Segment Open

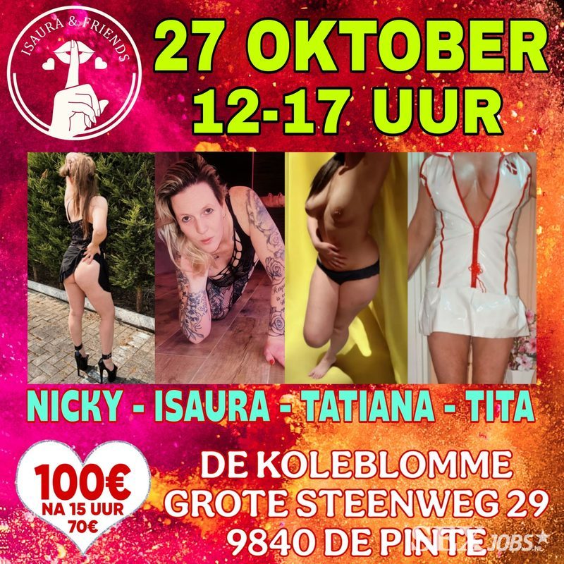 Heb je zin in een geil gangbang feestje met 4 meiden die van aanpakken weten? Mis deze kans dan niet! Pijpen, neuken, klaarkomen in de mond, slikken, squirten, ... ja dat zit in het aangeboden pakket van deze 4 toppers! Uiteraard behoren vingeren en beffen ook tot de mogelijkheden. Neuken is enkel met condoom, pijpen kan zonder.
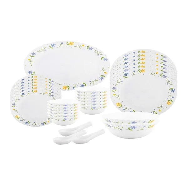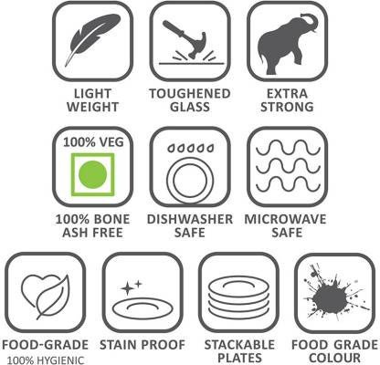 The stain resistant, non-porous and non-toxic material used in La Opala dinnerware makes it a durable and versatile set even for everyday or occasional use. Perfect in its simple design and lightweight nature for ease of use, this chip-resistant La Opala dinner set is a great buy This dinner set includes 6 Full Plates, 6 Quarter Plates, 6 Veg bowls, 6 Soup bowls , 6 Soup spoons, 2 Serving bowls, 2 Serving bowls cover and 1 Rice plate The LaOpala Dinner Set is resistant to thermal shock. So, even when you heat food in it using the microwave, it will last long while offering you hygiene and safety each time. It is FDA-approved and fade resistant to last you longer than ordinary dinner sets. The shiny opal glass finish and the pristine white colour together is sure to add a class to your table. Set your table in style with the dinner set and make the spread look more appealing. Make your everyday dining affair a special one with the Dinner set And serve food in an enticing manner.
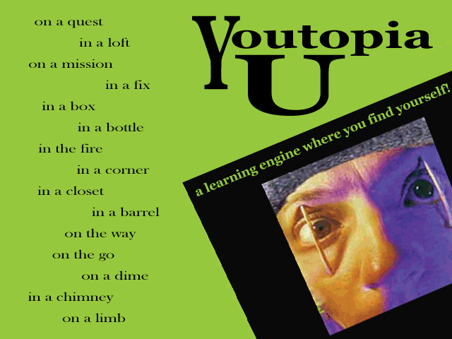 When students integrate data through participation in this project based collective process, they re-experience the cause and effect of their real world actions, behaviors and decisions. Youtopia was listed in NASA's 1999 Learning Technology's Project Index as a cutting edge tool for promoting both personal and social missions while fostering an inner dialogue examining social principles and practices. |
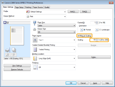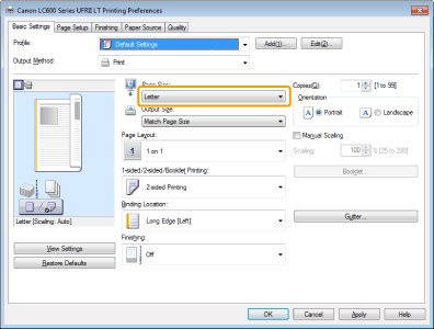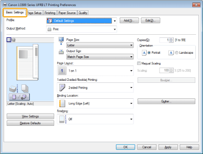 For instructions on how to display the printer driver screen, see "Printing" or "Configuring the Default Print Settings."
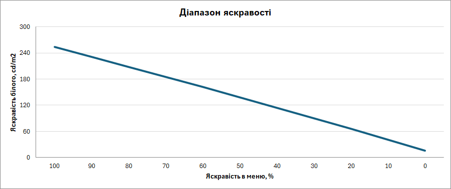 Для початку була оцінена відповідність заявлених характеристик яскравості й контрастності матриці. Вимірювання проводилися для набору налаштувань Standard mode, а яскравість регулювалася в меню з інтервалом в 10 кроків. Вимірювання продемонструвало максимальну яскравість у 254 кд/м², яка виявилася навіть трохи краще від заявленого значення. А ще яскравістю зручно керувати: залежність рівня від налаштувань майже лінійна.
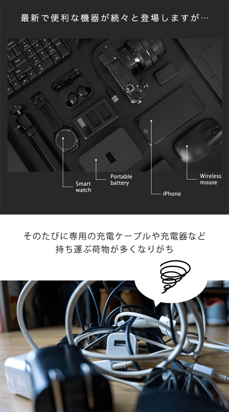 ●ノートPCや、スマホや、タブレット、それぞれ充電器を持ち歩かないといけなくて大変…
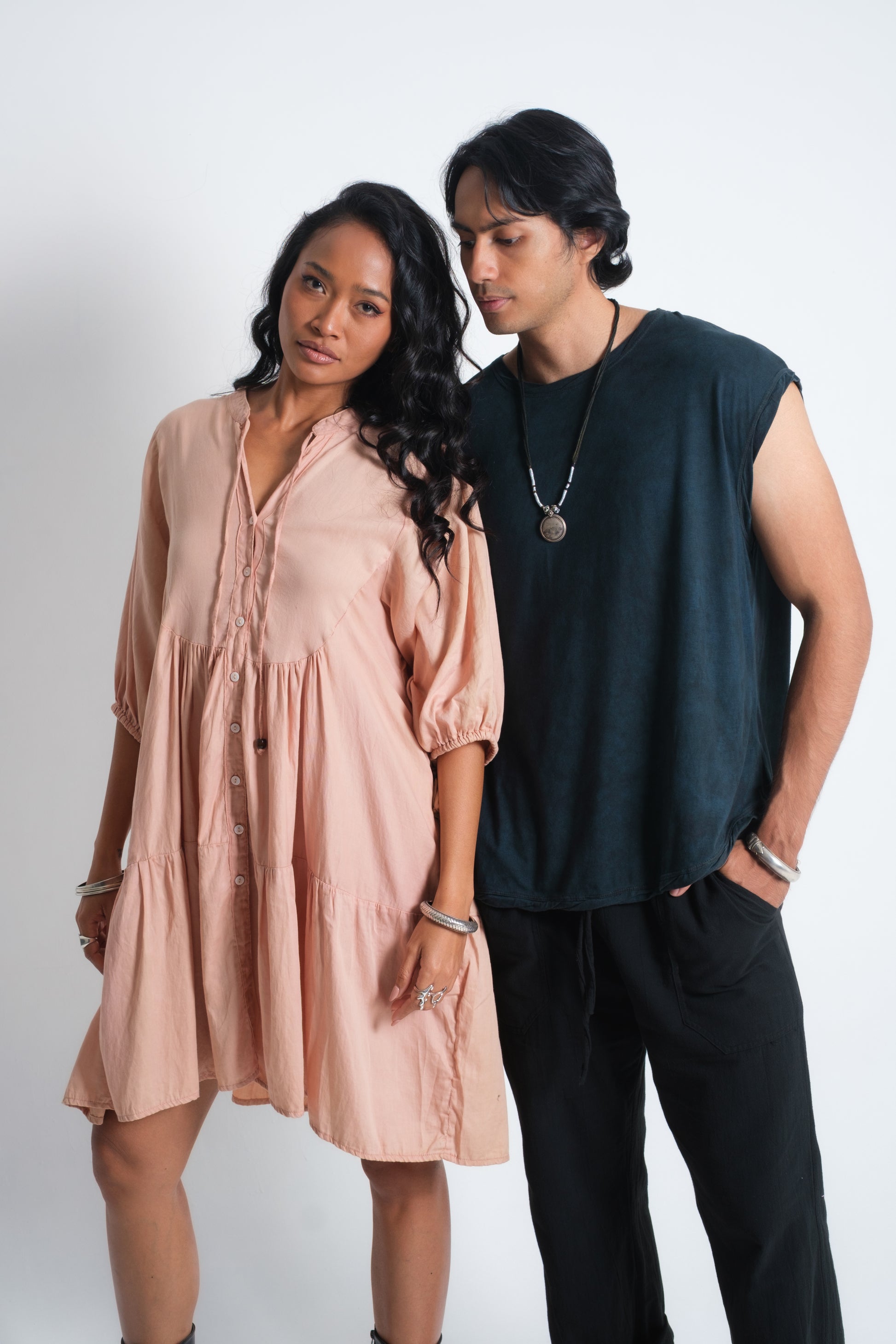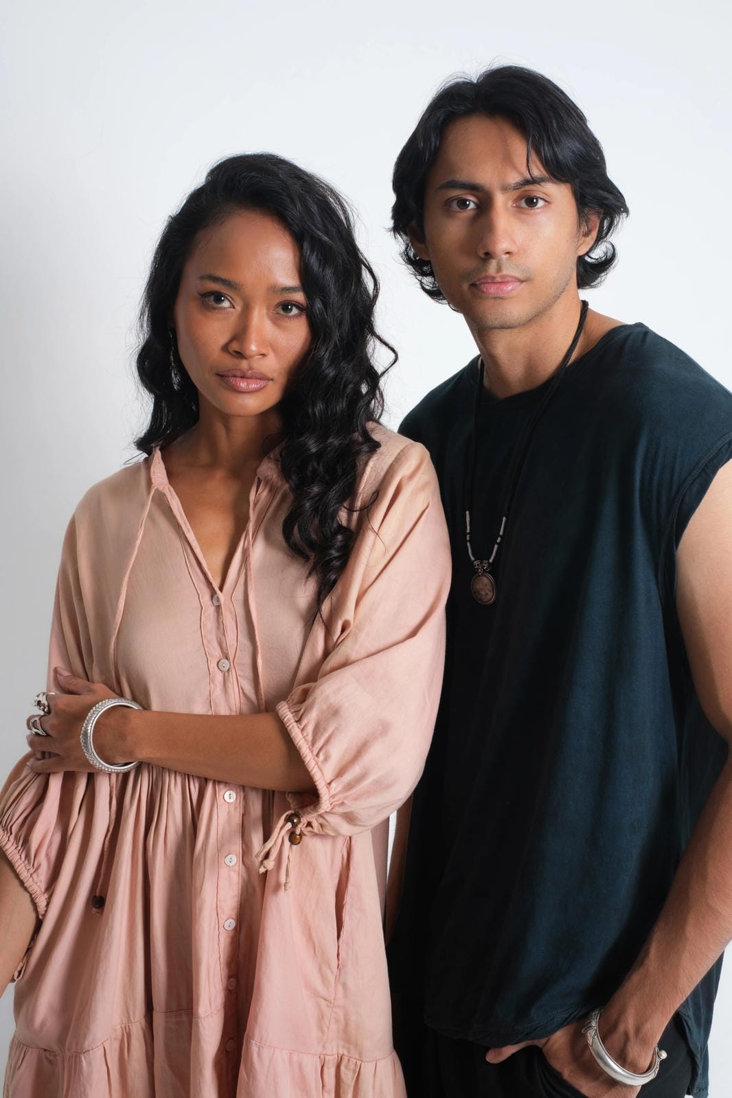 The INDALI Midi Dress is made from organic cotton sourced from northern India, prized for its softness and natural breathability. Each piece is cut and sewn in southern Bali by cottage-industry artisans, whose craftsmanship preserves the authenticity of hand-made clothing. The fabric is then naturally dyed in northern Bali with pigments drawn from plants, creating soft, living tones. Subtle variations ensure that no two dresses are ever the same, making each one a unique expression of artisan craft.
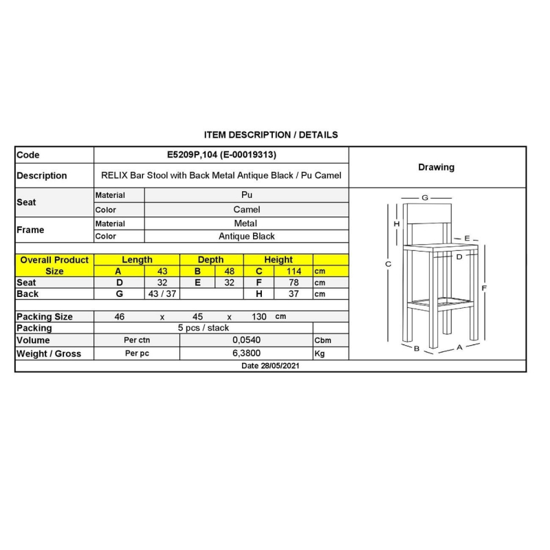 Ε5209P,104 RELIX Σκαμπό Bar-Pro Με Πλάτη Antique Black/Pu Camel
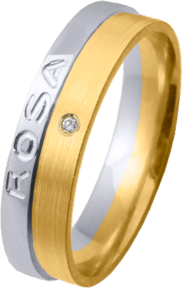 ALIANZA MATRIMONIO ORO BICOLOR PULIDA Y MATIZADA FRANJA LATERAL PERFIL PLANO NOMBRE
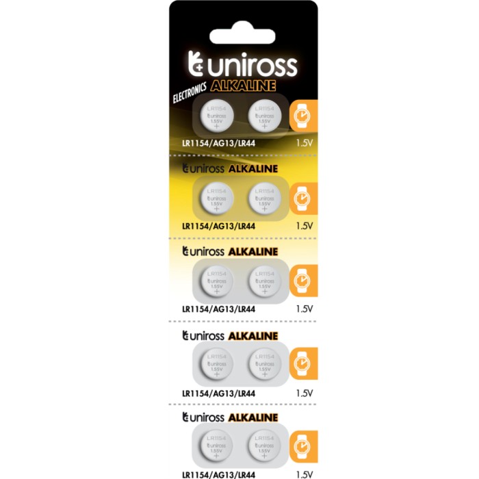 Uniross LR44 är alkaliska knappcellsbatterier från Uniross, som i över 50 år levererat kvalitets batterier över hela världen. Dessa batterier kan användas till elektronisk utrustning och även leksaker.
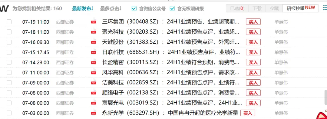单慧伟作为西部证券电子行业首席分析师,7月的研究重点在于所覆盖公司的半年报业绩预告。
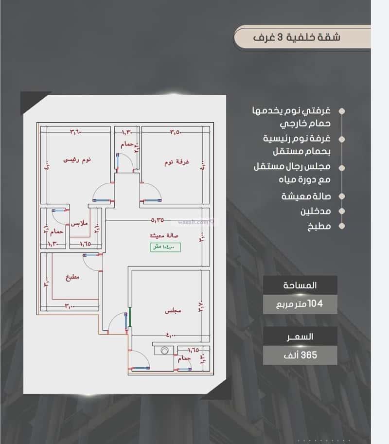 - *شقة 3 غرف ، 104م، السعر (365)الف.*
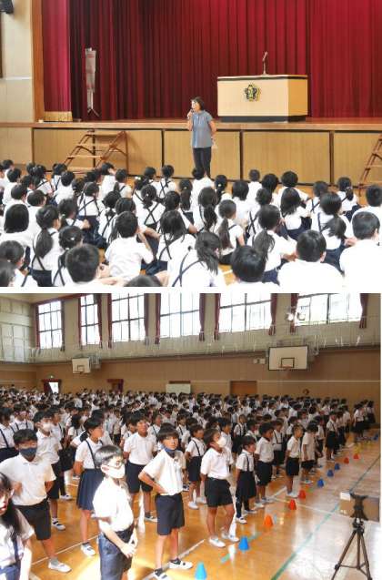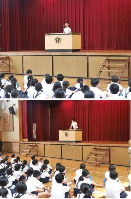 午後から、講堂で1学期末の終業式を行いました。校長先生から、充実した夏休みを過ごすための目当てをお話しました。5年児童代表から1学期をふりかえっての言葉があのました。最後に全員で校歌を歌いました。
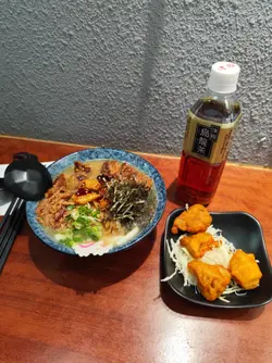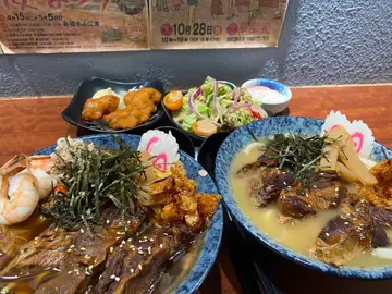 經過見到間麵店裝修好特別 同Friend齊齊試下先~麵麵俱到麵全食🍜好特別啊 係壽喜燒湯底!超豐富 有蝦、豬軟骨同埋好多其他配料~鍾意食壽喜燒一定鍾意😋仲加咗20蚊多咗炸雞 好食!豚骨拉麵🍜依舊有三塊大大塊豬軟骨!加12蚊升級沙律同埋烏龍茶 好抵~轉咗烏冬 好味啊!成間鋪頭裝修非常日式小店嘅感覺 午餐時間坐滿晒人 真係好受歡迎👏好彩早小少到 如果唔係都冇位坐 不過枱下面有掛鉤可以掛袋 都比較方便 大家一齊坐密D都好溫馨~
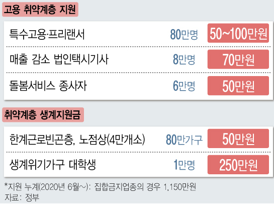▷한계근로빈곤층 80만 가구 한시생계지원금 50만원
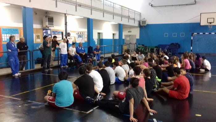 il Gsh Sempione ha incontrato i ragazzi delle terze medie dell'I.C.Bagnolini. L'attività, svolta nella palestra dell'Istituto, ha previsto una breve spiegazione sull'operato dell'associazione sportiva da parte di Lorenzo Saccà, allenatore della squadra di atletica nazionale, e una serie di giochi che hanno coinvolto direttamente i ragazzi. Gli alunni hanno provato infatti a giocare alcune partite di basket usando le sedie a rotelle portate apposta in palestra dai volontari. Hanno così potuto immedesimarsi nelle difficoltà e negli ostacoli delle persone con handicap fisici, ma al contempo hanno conosciuto l'entusiasmo e la vitalità di persone che non si arrendono e che riescono anche a raggiungere importanti obiettivi nello sport. Gli alunni sono stati inoltre sensibilizzati sul tema delle barriere architettoniche. Dalla scuola il grazie all'associazione per l'importante e formativa esperienza che verrà replicata anche nelle sedi di Pieve e Vanzone.

Segment Closed

▶ Work to be completed:
Within the entries above, the lines from the one containing "For instructions on" through the one containing "The INDALI Midi" are to be transcribed exactly, ends included, pictures excluded.

▶ Written answer:
 For instructions on how to display the printer driver screen, see "Printing" or "Configuring the Default Print Settings."
 Для початку була оцінена відповідність заявлених характеристик яскравості й контрастності матриці. Вимірювання проводилися для набору налаштувань Standard mode, а яскравість регулювалася в меню з інтервалом в 10 кроків. Вимірювання продемонструвало максимальну яскравість у 254 кд/м², яка виявилася навіть трохи краще від заявленого значення. А ще яскравістю зручно керувати: залежність рівня від налаштувань майже лінійна.
 ●ノートPCや、スマホや、タブレット、それぞれ充電器を持ち歩かないといけなくて大変…
 The INDALI Midi Dress is made from organic cotton sourced from northern India, prized for its softness and natural breathability. Each piece is cut and sewn in southern Bali by cottage-industry artisans, whose craftsmanship preserves the authenticity of hand-made clothing. The fabric is then naturally dyed in northern Bali with pigments drawn from plants, creating soft, living tones. Subtle variations ensure that no two dresses are ever the same, making each one a unique expression of artisan craft.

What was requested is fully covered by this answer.